Es condición esencial, repitámoslo, para la génesis del resentimiento, la falta de comprensión, que crea en el futuro resentido una desarmonía entre su real capacidad para triunfar y la que él se supone. El hombre normal acepta con generosidad el fracaso; encuentra siempre el modo de comprenderlo y, por lo tanto, de olvidarlo y de superarlo después.

El alma resentida, después de su primera inoculación, se sensibiliza ante las nuevas agresiones. Bastará ya, en adelante, para que la llama de su pasión se avive, no la contrariedad ponderable, sino una simple palabra o un vago gesto despectivo; quizá sólo una distracción de los demás. Todo, para él, alcanza el valor de una ofensa o la categoría de una injusticia. Es más: el resentido llega a experimentar la viciosa necesidad de estos motivos que alimentan su pasión; una suerte de sed masoquista le hace buscarlos o inventarlos si no los encuentra.

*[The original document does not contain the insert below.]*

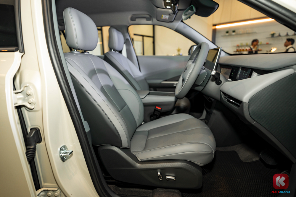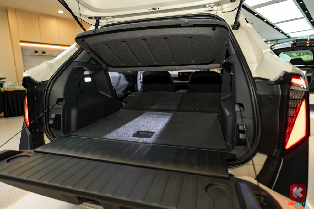 内装配备了 8.8 寸数码化仪表板、12.8 寸中控荧幕、有线/无线 Apple CarPlay 和 Android Auto、手机无线充电面板、前排座椅 6 向电动调节、驾驶座通风功能、单区自动恒温冷气系统(带PM2.5 空气过滤器)、车内氛围灯、上下开启式电动尾门等。

La inferioridad física o moral no compensada por la generosidad, obliga al resentido a un cierto número de limitaciones que parecen virtudes. Por esta razón y por la ya comentada hipocresía, el resentido pasa muchas veces, ante los ojos inexpertos, con una apariencia de respetabilidad. Suele ser esta falsa virtud del resentido afectada y pedante; y alcanza en ocasiones la rígida magnitud del puritanismo.

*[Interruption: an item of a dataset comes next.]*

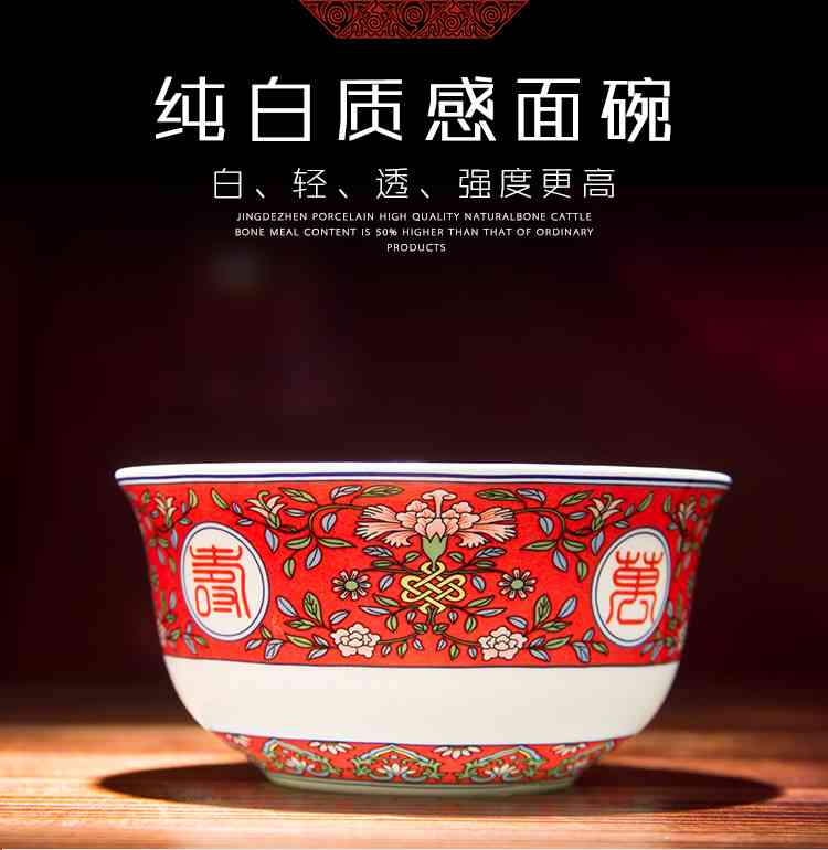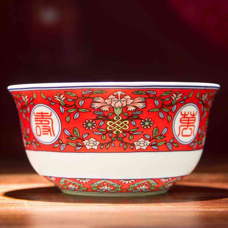 祝壽,通俗易懂就是為長輩過生日也叫作過壽,男子常用“仁者有壽”、“貴壽無極”,女子則用“蓬島春藹”、“壽域開祥”等。傳說紅色可以辟邪水災(zāi),所以許多人都喜歡將家中老人壽誕上的壽碗定做成紅色,圖一個(gè)好的寓意!

Muchos puritanos son sólo resentidos, hombres incapaces de amar y de comprender: tanto los que se han hecho famosos en la Historia, como Robespierre, monstruo de odiosa rectitud, como el perverso e íntegro Calvino y como Tiberio; como los innominados, los que pasan en silencio a nuestro lado, cada día. El sentimiento de su incapacidad -injustificada, creen ellos- para triunfar plenamente en la vida, les hace renunciar a todas las posibles grandezas; y aparecer desinteresados y humildes; del mismo modo, su fracaso sexual se convierte en castidad ostentosa.

El resentimiento es incurable. Su única medicina es la generosidad. Y esta pasión nobilísima nace con el alma y se puede, por lo tanto, fomentar o disminuir, pero no crear en quien no la tiene. La generosidad no puede prestarse ni administrarse como una medicina venida de fuera. Parece a primera vista que como el resentido es siempre un fracasado -fracasado en relación con su ambición-, el triunfo le debería curar. pero, en la realidad, el triunfo, cuando llega, puede tranquilizar al resentido, pero no le cura jamás.

Ocurre, por el contrario, muchas veces, que al triunfar, el resentido, lejos de curarse, empeora. Porque el triunfo es para él como una consagración solemne de que estaba justificado su resentimiento; y esta justificación aumenta la vieja acritud. Ésta es otra de las razones de la violencia vengativa de los resentidos cuando alcanzan el poder; y de la enorme importancia que, en consecuencia, ha tenido esta pasíón en la Historia.

1 comentario:

agente t dijo...

Está muy bien traído ese aspecto sociológico del resentimiento al dibujarse como una lacra propia de la edad contemporánea, al ser considerado una reacción al campo abierto de las oportunidades no satisfechas que las sociedades modernas y desarrolladas producen tras su promesa de ascenso social y económico. Y también es pertinente su comparación con la conformidad, comportamiento socialmente inofensivo que era lo más común en las sociedades antiguas donde no existía esa percepción de oportunidades de promoción social.